State approves aid for Detroit in bankruptcy

Michigan's Senate on Tuesday approved spending $195 million to help prevent steeper cuts in Detroit retiree pensions as part of a deal designed to shield valuable city-owned art from being sold and resolve the largest public bankruptcy in U.S. history. The Republican-led chamber voted 21-17 to contribute the state funds to join $466 million in commitments from 12 foundations and the Detroit Institute of Arts. The pool of money would shore up Detroit's two retirement systems while the city's art museum and its assets would be transferred to a private nonprofit. A delighted Republican Gov. Rick Snyder said he will sign the legislation in a day or two after proofing the bills, which passed the GOP-controlled House about two weeks ago.

Charlotte, N.C.

Ex-mayor pleads guilty to fraud

Former Charlotte Mayor Patrick Cannon pleaded guilty Tuesday to a federal corruption charge, a blow to the city's reputation as a beacon of clean governance. Cannon, 47, a Democrat who resigned his office hours after his arrest in March, pleaded guilty to a single count of honest services wire fraud as part of an agreement with federal prosecutors. The charge carries a prison sentence of up to 20 years. A sentencing date was not announced.

Ireland

Church under fire over mass grave

The Catholic Church in Ireland is facing fresh accusations of child neglect after a researcher found records for 796 young children believed to be buried in a mass grave beside a former orphanage for the children of unwed mothers. The researcher, Catherine Corless, says her discovery of child death records at the Catholic nun-run home in Tuam, County Galway, suggests that a former septic tank filled with bones is the final resting place for most, if not all, of the children. Church leaders said they had no idea so many children who died at the orphanage had been buried there. It operated from 1926 to 1961.

Washington

After years, a U.S. envoy for Somalia

For the first time in more than 20 years, the United States will appoint an ambassador to Somalia in what a senior official on Tuesday described as show of faith for future stability in the war-ravaged African nation. Even so, the United States has no plans to re-open its embassy in the Somali capital Mogadishu, which has been beset by violence and deadly bombings. In a Tuesday speech, U.S. Undersecretary of State Wendy Sherman said the decision to name an ambassador to Somalia reflects what she called a sign of the deepening relations between Washington and Mogadishu and "the faith that better times are ahead."

Elsewhere

Israel: Prime Minister Benjamin Netanyahu of Israel said Tuesday that he is "deeply troubled" by the Obama administration's decision to work with the new Palestinian government.

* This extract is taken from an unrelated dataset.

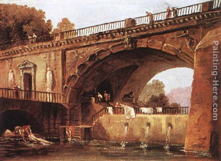 Beautiful, original hand-painted artwork in your home. Washerwomen below a Bridge based on the masters' works of Hubert Robert.

Egypt: Former military chief Abdel-Fattah el-Sissi was officially declared the next president Tuesday, after a landslide victory in an election last week to replace the Islamist leader he removed from the post last year.

Turkey: Turkish authorities say they have restored access to YouTube five days after the country's highest court ruled that the two-month ban on the video-sharing website violates freedom of expression.

Times wires

State approves aid for Detroit in bankruptcy

06/03/14 [Last modified: Wednesday, June 4, 2014 12:05am]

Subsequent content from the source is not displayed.